Data for processing =>
....

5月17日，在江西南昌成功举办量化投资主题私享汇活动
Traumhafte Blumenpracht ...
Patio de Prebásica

....

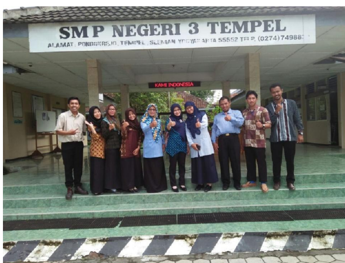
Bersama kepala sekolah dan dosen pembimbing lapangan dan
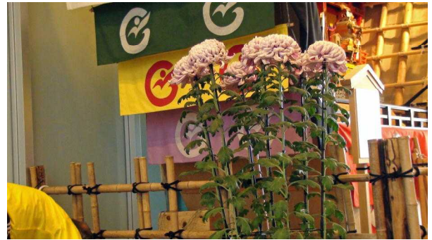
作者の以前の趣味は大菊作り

....

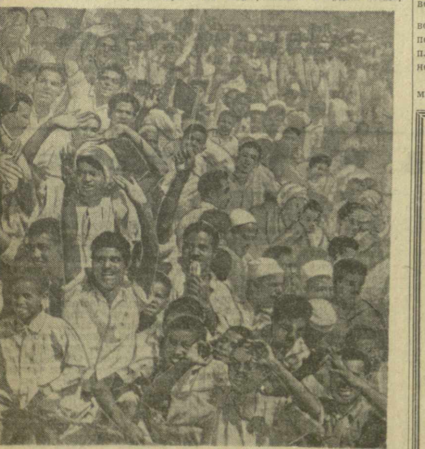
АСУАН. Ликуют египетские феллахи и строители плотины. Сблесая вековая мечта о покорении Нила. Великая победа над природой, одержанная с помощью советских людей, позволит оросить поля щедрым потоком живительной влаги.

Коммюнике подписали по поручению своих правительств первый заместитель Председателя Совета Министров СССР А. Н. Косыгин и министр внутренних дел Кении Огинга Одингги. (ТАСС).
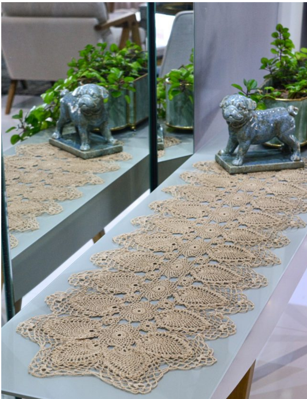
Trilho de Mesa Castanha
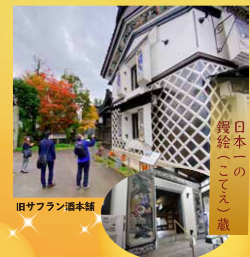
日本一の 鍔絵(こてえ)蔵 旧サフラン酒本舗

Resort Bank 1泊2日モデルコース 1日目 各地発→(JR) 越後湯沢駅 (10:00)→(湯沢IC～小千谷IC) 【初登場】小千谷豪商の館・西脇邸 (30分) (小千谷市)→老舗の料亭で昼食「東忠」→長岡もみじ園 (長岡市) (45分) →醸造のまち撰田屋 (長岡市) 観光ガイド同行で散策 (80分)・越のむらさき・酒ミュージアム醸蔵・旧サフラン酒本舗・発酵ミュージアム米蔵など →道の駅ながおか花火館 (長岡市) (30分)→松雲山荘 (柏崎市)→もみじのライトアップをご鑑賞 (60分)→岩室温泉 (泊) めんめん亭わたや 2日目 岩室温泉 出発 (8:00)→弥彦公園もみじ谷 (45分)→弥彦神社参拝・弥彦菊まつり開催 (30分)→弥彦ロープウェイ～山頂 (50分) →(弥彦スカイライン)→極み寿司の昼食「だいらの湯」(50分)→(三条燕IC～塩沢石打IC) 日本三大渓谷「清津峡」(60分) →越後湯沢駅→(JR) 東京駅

....

Directions for this task =>
All that should be printed is the run of lines above from the one with "Коммюнике подписали по" through the one with "Resort Bank 1泊2日モデルコース", both included, exactly as given, with pictures left out.

Expected answer =>
Коммюнике подписали по поручению своих правительств первый заместитель Председателя Совета Министров СССР А. Н. Косыгин и министр внутренних дел Кении Огинга Одингги. (ТАСС).
Trilho de Mesa Castanha
日本一の 鍔絵(こてえ)蔵 旧サフラン酒本舗

Resort Bank 1泊2日モデルコース 1日目 各地発→(JR) 越後湯沢駅 (10:00)→(湯沢IC～小千谷IC) 【初登場】小千谷豪商の館・西脇邸 (30分) (小千谷市)→老舗の料亭で昼食「東忠」→長岡もみじ園 (長岡市) (45分) →醸造のまち撰田屋 (長岡市) 観光ガイド同行で散策 (80分)・越のむらさき・酒ミュージアム醸蔵・旧サフラン酒本舗・発酵ミュージアム米蔵など →道の駅ながおか花火館 (長岡市) (30分)→松雲山荘 (柏崎市)→もみじのライトアップをご鑑賞 (60分)→岩室温泉 (泊) めんめん亭わたや 2日目 岩室温泉 出発 (8:00)→弥彦公園もみじ谷 (45分)→弥彦神社参拝・弥彦菊まつり開催 (30分)→弥彦ロープウェイ～山頂 (50分) →(弥彦スカイライン)→極み寿司の昼食「だいらの湯」(50分)→(三条燕IC～塩沢石打IC) 日本三大渓谷「清津峡」(60分) →越後湯沢駅→(JR) 東京駅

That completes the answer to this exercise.